◆ TO DO ◆
There are pictures in the records below; leave them out and set down exactly the lines from the one holding "사건번호 2025 타경" through the one holding "Le présent rapport".

::::

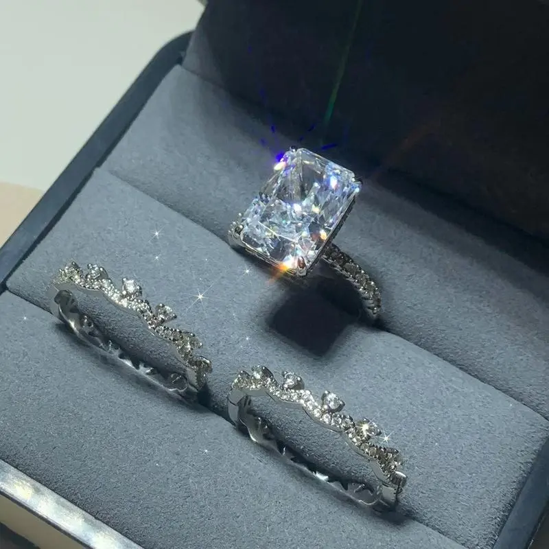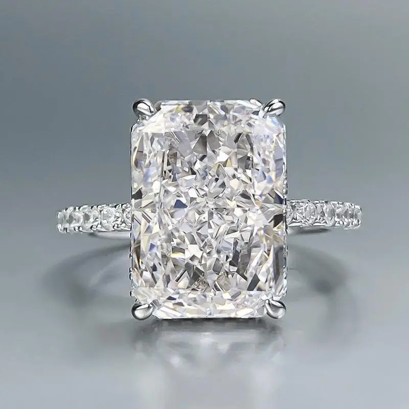 S925 Sterling Silver Ice Flower cut rectangular ring 9*13mm 8A cubic zirconia ring fashion jewelry accessory woman girl promise ring-155(68%)
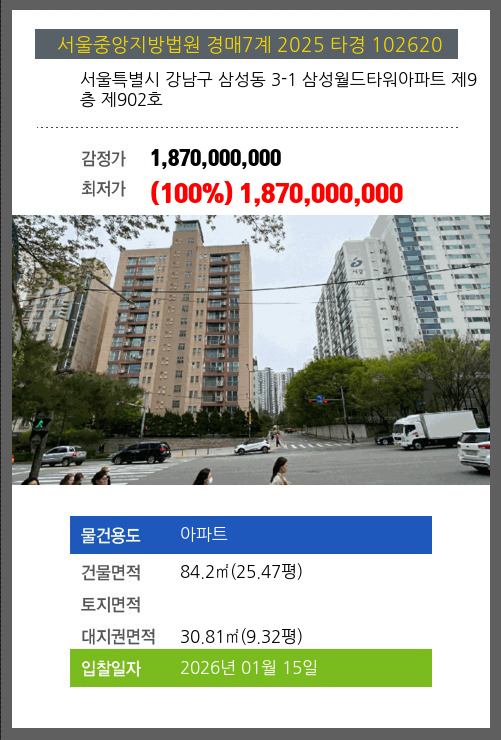 사건번호 2025 타경 102620 본건은 서울특별시 강남구 삼성동 3-1 삼성월드타워아파트 제9층 제902호소재하는 아파트경매 물건의 포스팅입니다. 건물면적 [ 84.2㎡ (25.47평) ]대지권 [ 30.81㎡ (9.32평) ] 시세를
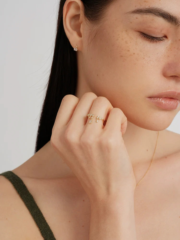 Elegant S925 sterling silver ring featuring a French-inspired chandelier design with hollow detailing, square-cut crystals, and sparkling cubic zirconia. Minimalist yet luxurious, perfect for stacking or making a statement. A chic, high-quality gift for birthdays, anniversaries, or special occasions.
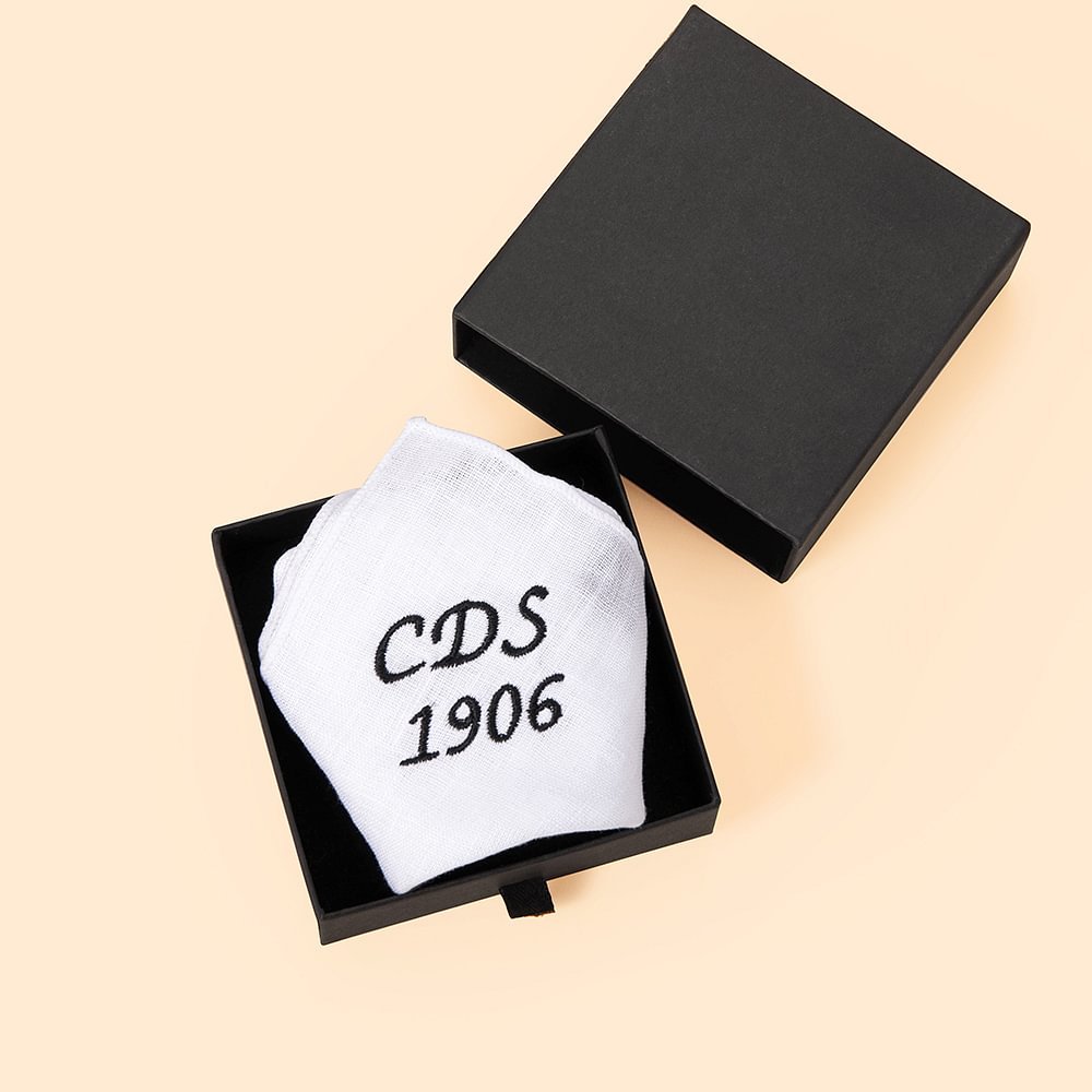 This Personalised linen handkerchief provides exquisite embroidery services in various colors. You can customize the recipient's initials and important dates so that each handkerchief carries unique emotions and blessings. In addition, this handkerchief is perfectly packaged in a box, making it perfect for gift-giving.
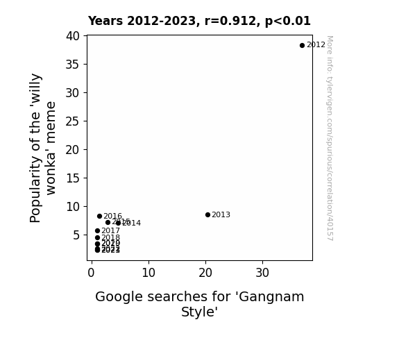 This means 83.2% of the change in the one variable (i.e., Google searches for 'Gangnam Style') is predictable based on the change in the other (i.e., Popularity of the 'willy wonka' meme) over the 12 years from 2012 through 2023.
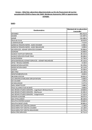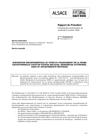 Le présent rapport a pour objet d'attribuer des subventions exceptionnelles de fonctionnement, pour un montant global de 1 927 934 €, aux gestionnaires de SAAD, Résidences Autonomies, EHPA et appartements protégés, sur la base du dispositif de financement de la prime exceptionnelle COVID à destination des salariés de ces structures, adopté en séance plénière du 3 juillet dernier.
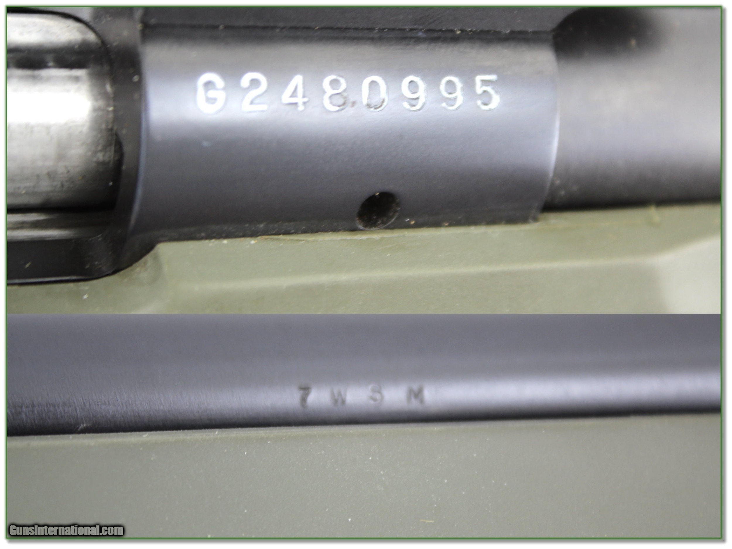 Description: This is an excellent condition customer Winchester Model 70. It has a 24in medium heavy barrel in a very nice Hogue olive green stock. It comes as seen with scope rail. The trigger is nice and crisp. I find no marks of note. It will make an excellent Winchester for the range or field. I am selling this one on consignment and as such lay-a-way can’t be used. It does of course have the standard 3-day inspection. Shipping and insurance is $39. Please email me with any questions or larger pictures. (Consign your quality firearms with Shooting Investments for only 12%! Let me know if you have any you would like to sell!) 21-0203 Payment: Payment is by Money Order, Cashiers Check or Personal Check. I can now also accept Credit Cards (MasterCard, Visa, Discover & American Express) with a 3% convenience fee. Shipping: The shipping charge will be listed in each description. It is $39 for most firearms. Some heavy guns or those insured for over $2000 will be higher. Shipments to Alaska and Hawaii are higher because air shipment is required. Most firearms are shipped on Tuesday and Thursday and usually in 5 days of receipt of payment. We package all shipments carefully and insure them. Optics are shipped Priority Mail and most other non-firearm shipments are shipped First Class. Returns: Our return policy is simple. If for any reason you are not pleased with your purchase, you may return your item for a full refund of purchase price. Ammunition cannot be returned. It is important to us that you are happy. Guns cannot be fired or dissembled before returning them and they must be returned in the same condition as received. Notification of a return must occur with-in 3 days of receipt at your dealer. Shipping, convenience and dealer fees are not refundable and are the responsibility of the buyer. Lay-a-way: If needed, we offer a 60 day lay-a-way option on most firearms. It is 1/3 now, 1/3 in 30 days and 1/3 in 60 days. Lay-a-way firearm sales are final and if not completed the first payment cannot be returned. Consigning your firearms with Shooting Investments: We will help you get top dollar for your firearms. While most local guns shops charge 20% or more, our fee is only 12% with a minimum of $75. At your local gun shop it might take months to sell. Selling on-line provides instant access to thousands of interested buyers. You won’t find any other on-line dealer willing to sell your firearms for only 12% or listing every gun on 3 separate s. Selling through an House typically costs the seller 15% and the buyer an addition 15% (so 30%) and you have to wait several months to sell and longer to receive funds. If properly priced, we will sell your firearms in a few weeks. Send us an email or give us a call and we’ll explain how easy it is for you to get top dollar. Trading: Trading for use is really just buying your gun to re-sell. If you have a gun you want to trade, please email a picture and we will let you know what we can give or it. You will always get more if we sell it for you on consignment. Help for California Buyers: We are happy to ship to California. It is the buyer’s responsibility to make sure any item you buy is legal in your state. We are also happy to help with your purchase of a firearm from someone other than us. If you see a gun you would like to buy but the seller can’t or won’t ship to California they can ship to use and we’ll then ship it to your California dealer. The cost for this service is only $30 + shipping. Let us know if we can help! SOLD |
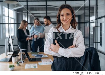 Smiling for the camera. Young beautiful woman in white clothes is in the office
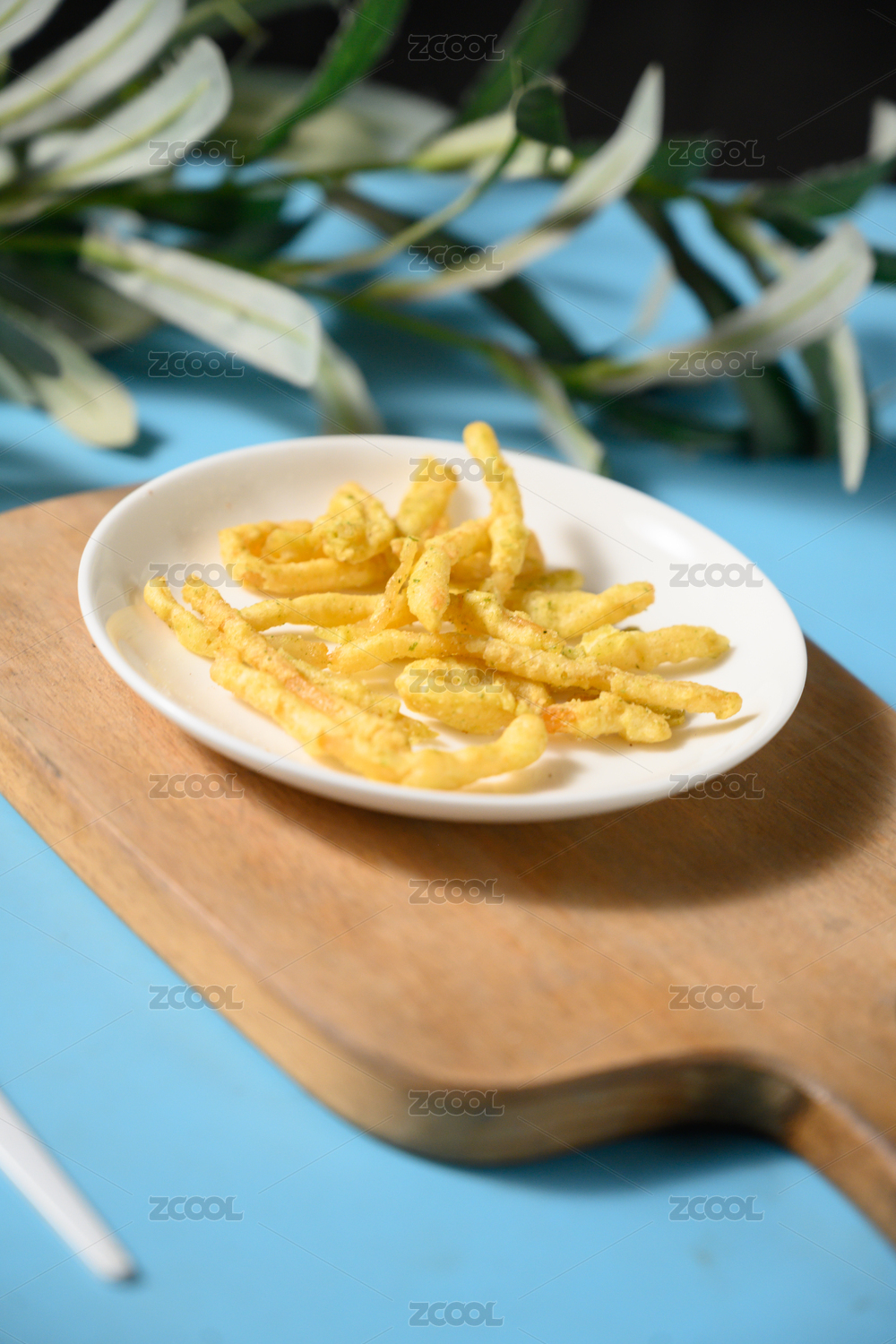 桌面上的盘子里的美味可口的油炸鱿鱼丝
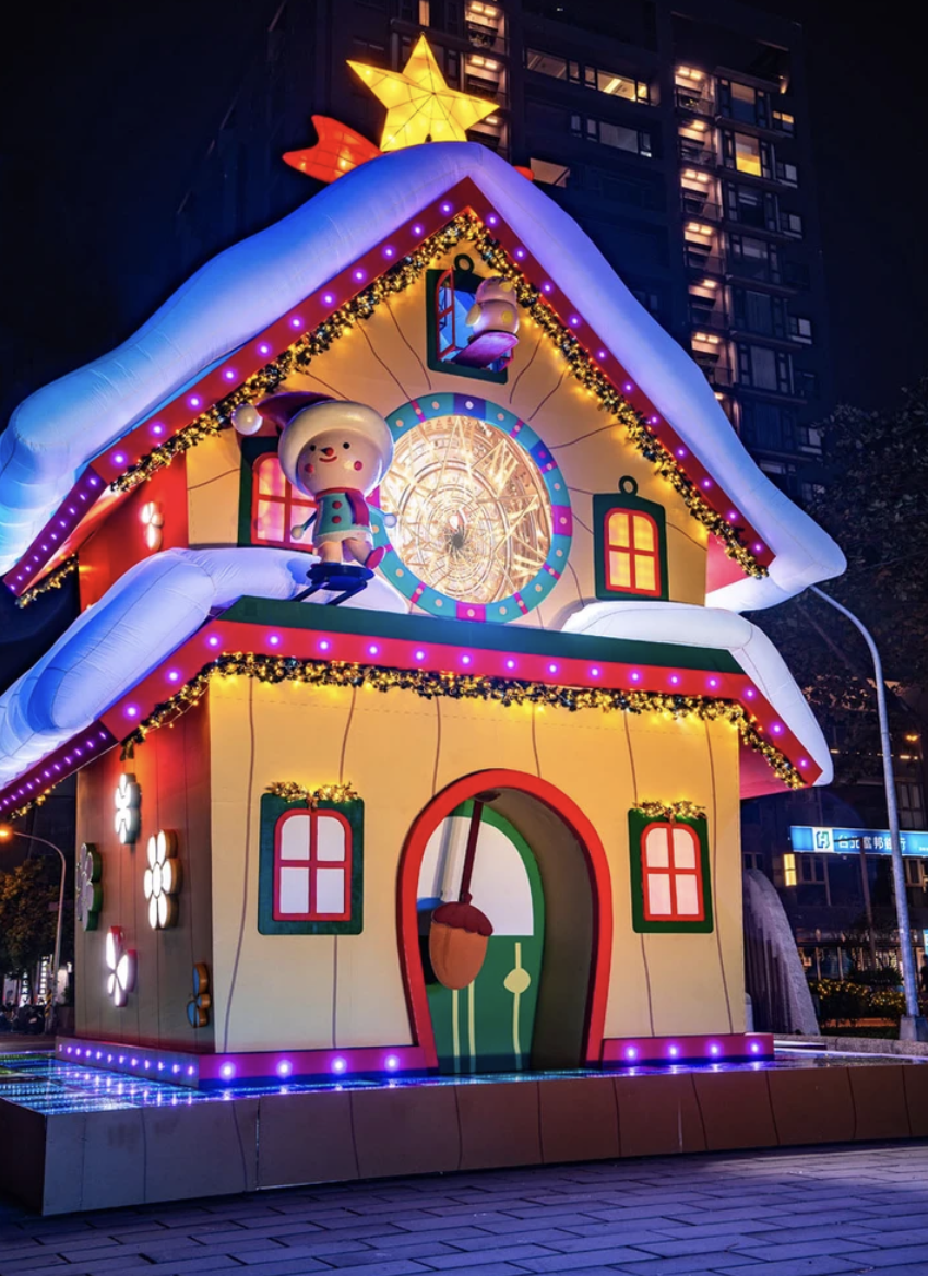 「2024新北歡樂耶誕城」打造全新魔幻角色、百變聖誕樹以及50+打卡點造景。新北市市民廣場有約8層樓高的「巨型LED城堡」燈光秀、可愛的「小小兵」,另外還有各式各樣的耶誕裝置分布在站前廣場、萬坪公園、板橋車站等區域。
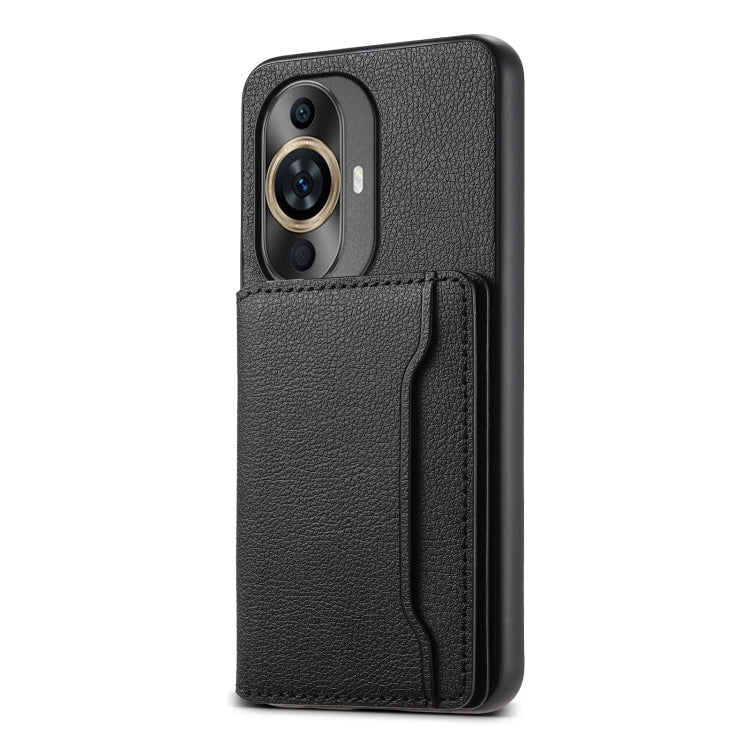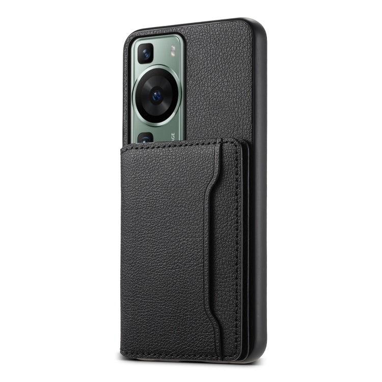 Funda para Huawei P60 con Diseño Bolsa de Tarjeta y Textura de Pantorrilla (Negro)
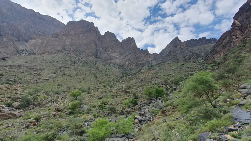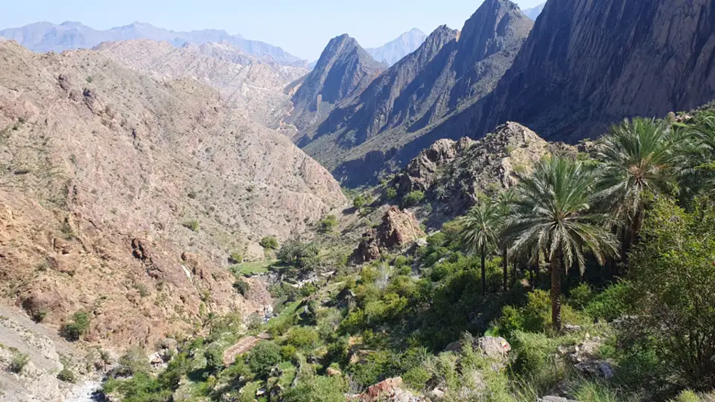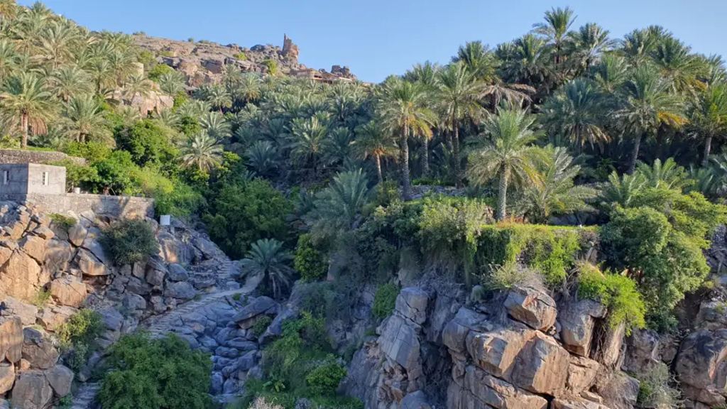 <Von unserem Zeltplatz aus beginnen wir unsere Wanderung und durchqueren dabei verschiedene Täler, jedes mit seinem eigenen Charme. Vorbei an Palmenhainen, Terrassenfeldern und den jahrtausendealten Falaj-Bewässerungskanälen, erreichen wir am Nachmittag unsere Begleitmannschaft mit den Fahrzeugen. Wir fahren nach Balad Sit, ein auf 1.000 Meter Höhe gelegenes Dorf, welches seinen traditionellen Charme und das Gefühl der ländlichen Einsamkeit beibehalten hat. -
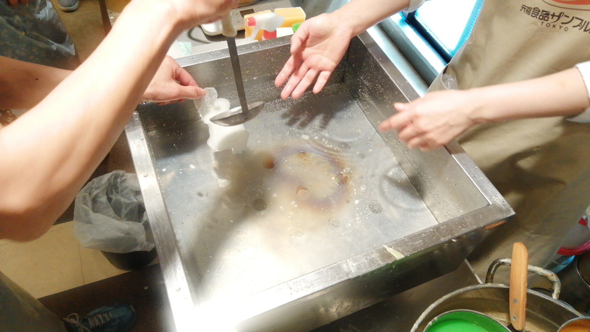お玉を使って、横にすーっと
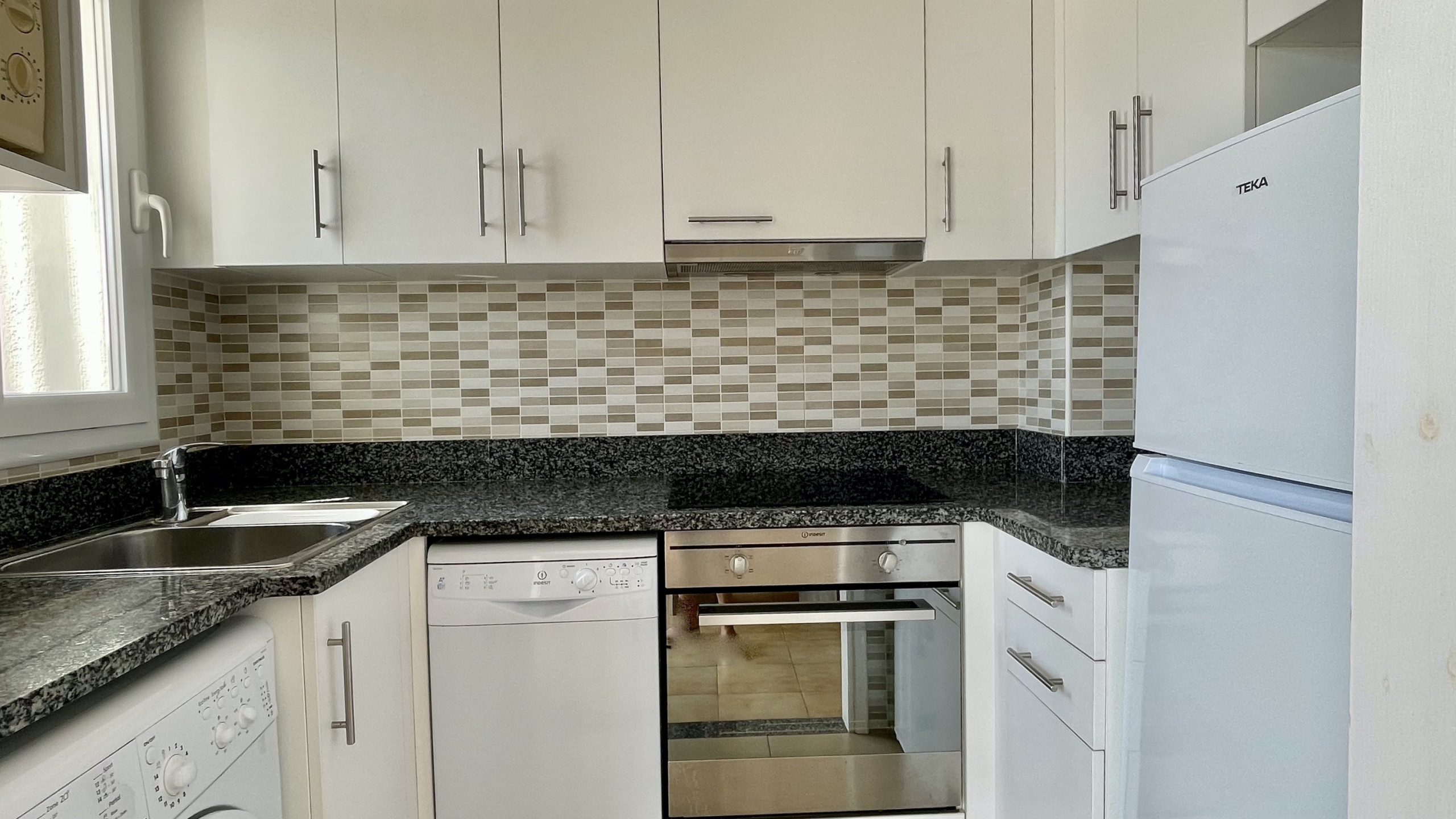Die separate Küche ist komplett ausgestattet mit Glaskeramik-Kochfeld, Kühlschrank, Mikrowelle, Backofen, Gefrierschrank, Waschmaschine, Geschirrspüler und allen notwendigen Küchenutensilien, einschließlich Geschirr, Besteck, Kaffeemaschine, Toaster und Saftpresse.

::::

◆ EXERCISE ANSWER ◆
 사건번호 2025 타경 102620 본건은 서울특별시 강남구 삼성동 3-1 삼성월드타워아파트 제9층 제902호소재하는 아파트경매 물건의 포스팅입니다. 건물면적 [ 84.2㎡ (25.47평) ]대지권 [ 30.81㎡ (9.32평) ] 시세를
 Elegant S925 sterling silver ring featuring a French-inspired chandelier design with hollow detailing, square-cut crystals, and sparkling cubic zirconia. Minimalist yet luxurious, perfect for stacking or making a statement. A chic, high-quality gift for birthdays, anniversaries, or special occasions.
 This Personalised linen handkerchief provides exquisite embroidery services in various colors. You can customize the recipient's initials and important dates so that each handkerchief carries unique emotions and blessings. In addition, this handkerchief is perfectly packaged in a box, making it perfect for gift-giving.
 This means 83.2% of the change in the one variable (i.e., Google searches for 'Gangnam Style') is predictable based on the change in the other (i.e., Popularity of the 'willy wonka' meme) over the 12 years from 2012 through 2023.
 Le présent rapport a pour objet d'attribuer des subventions exceptionnelles de fonctionnement, pour un montant global de 1 927 934 €, aux gestionnaires de SAAD, Résidences Autonomies, EHPA et appartements protégés, sur la base du dispositif de financement de la prime exceptionnelle COVID à destination des salariés de ces structures, adopté en séance plénière du 3 juillet dernier.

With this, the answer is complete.